Come accompagnatore degli azzurri soffre perdendo una finale nel 1994 negli Stati Uniti e partecipa, pur con la sua proverbiale discrezione, alla vittoria di Berlino del 2006, il film allora ci racconta con altre interviste la sua amicizia con Gianfranco Zola, Roberto Baggio e Gianluigi Buffon, che oggi ha preso il suo posto tra gli azzurri.

Fotogramma dopo fotogramma Gigi Riva resta pensieroso, circonfuso dalle nuvole del fumo delle sue interminabili sigarette, seduto nella poltrona della sua modesta abitazione cagliaritana, pronto a elargire qualche misurata parola quando le immagini e i ricordi gettano le emozioni oltre il muro della sua riservatezza.

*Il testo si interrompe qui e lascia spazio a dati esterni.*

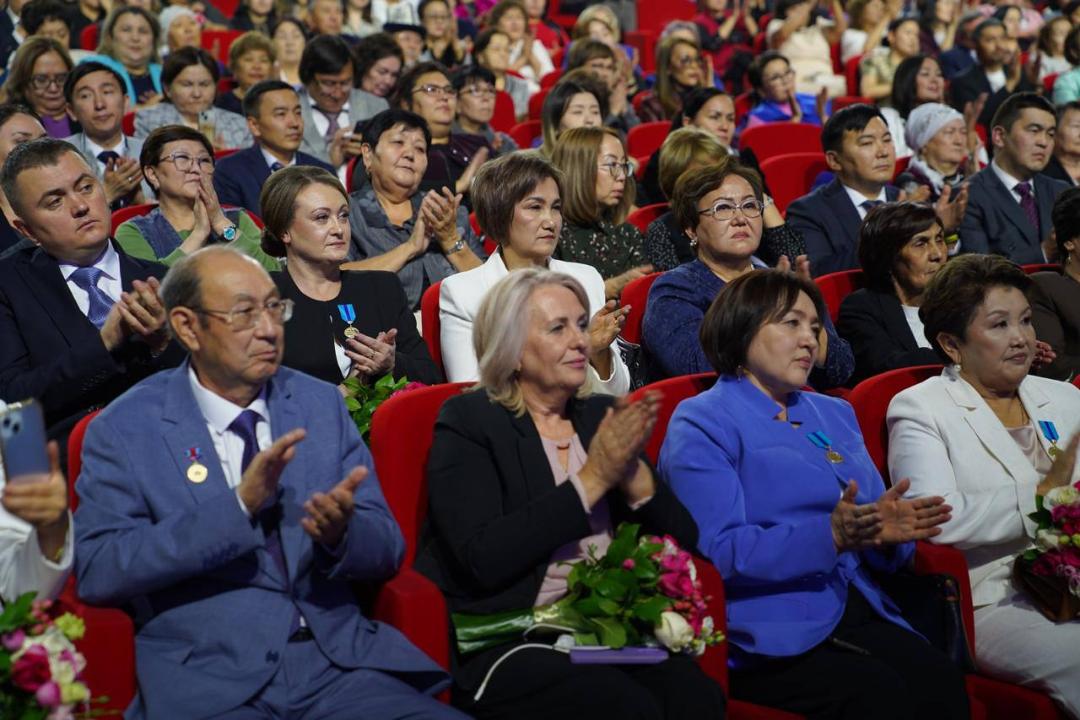 В завершение мероприятия лучшим педагогам, достигшим высоких профессиональных результатов, а также учителям, чьи ученики добились выдающихся успехов, вручены государственные награды: орден «Құрмет», медали «За трудовое отличие» и «Шапағат», а также почётное звание «Қазақстанның еңбек сіңірген ұстазы».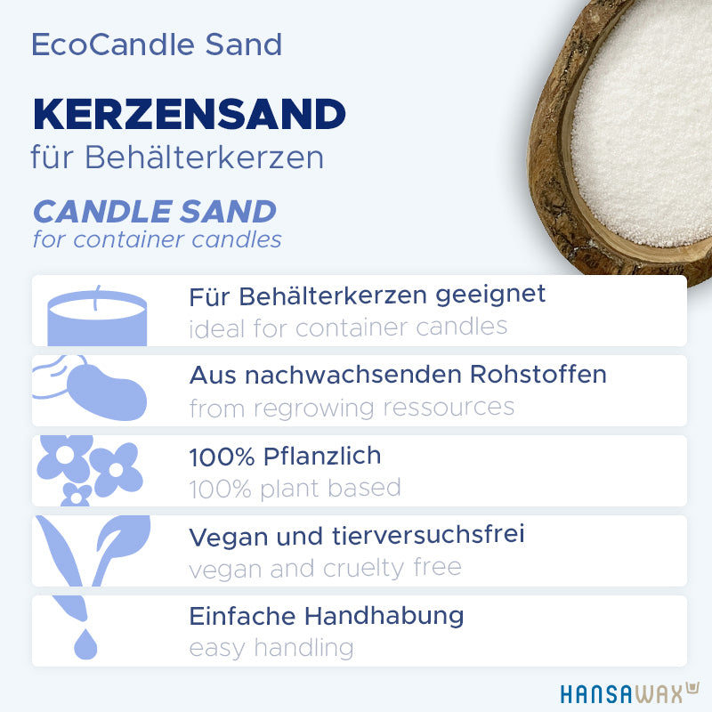 With "EcoCandle Sand" candle sand you can make candles very quickly and in no time at all. All you have to do is pour the wax into a suitable candle container, insert a wick and you're done!

Milani ovviamente ricorda il 25 ottobre 1970 e quello che è successo il giorno dopo. Siamo a Milano e un mite sole autunnale s’irradia su San Siro in quella domenica ottobrina, tuttavia sugli spalti abbondano i cappotti, i cambiamenti climatici sono lontani, il Cagliari gioca nella formazione campione d’Italia, con il solo terzino Mancin, già riserva l’anno precedente, al posto di Zignoli, tornato in estate tra i rossoneri di Rocco, quello stesso giorno capaci di battere la Juventus a Torino, tra gli isolani nel secondo tempo Brugnera subentra a Greatti, ma la partita è stata chiusa nei primi venti minuti, due bolidi di Riva hanno inchiodato i nerazzurri, frastornati dal gioco dei sardi, Mazzola nel film ricorderà come nel secondo tempo, dopo il terzo gol di Domenghini, sia andato a chiedere a Riva di non umiliare i padroni di casa. In tribuna c’è il grande Giuanin Brera, da sempre ammiratore di quello che lui definisce il celto – longobardo Riva, il formidabile sinistro dell’attaccante quel giorno gli suggerisce il soprannome, Brera era uso inventarne per tutti i calciatori, che segnerà indelebilmente il destino di Gigi Riva, diventando di fatto il suo secondo nome, infatti il giornalista e scrittore il giorno dopo scrive che Gigi Riva è insuperabilmente e inarrivabilmente un “Rombo di tuono”.

Davide Rossi

Davide Rossi, di formazione storico, è insegnante e giornalista. A Milano dirige il Centro Studi “Anna Seghers” ed è membro della Foreign Press Association Milan.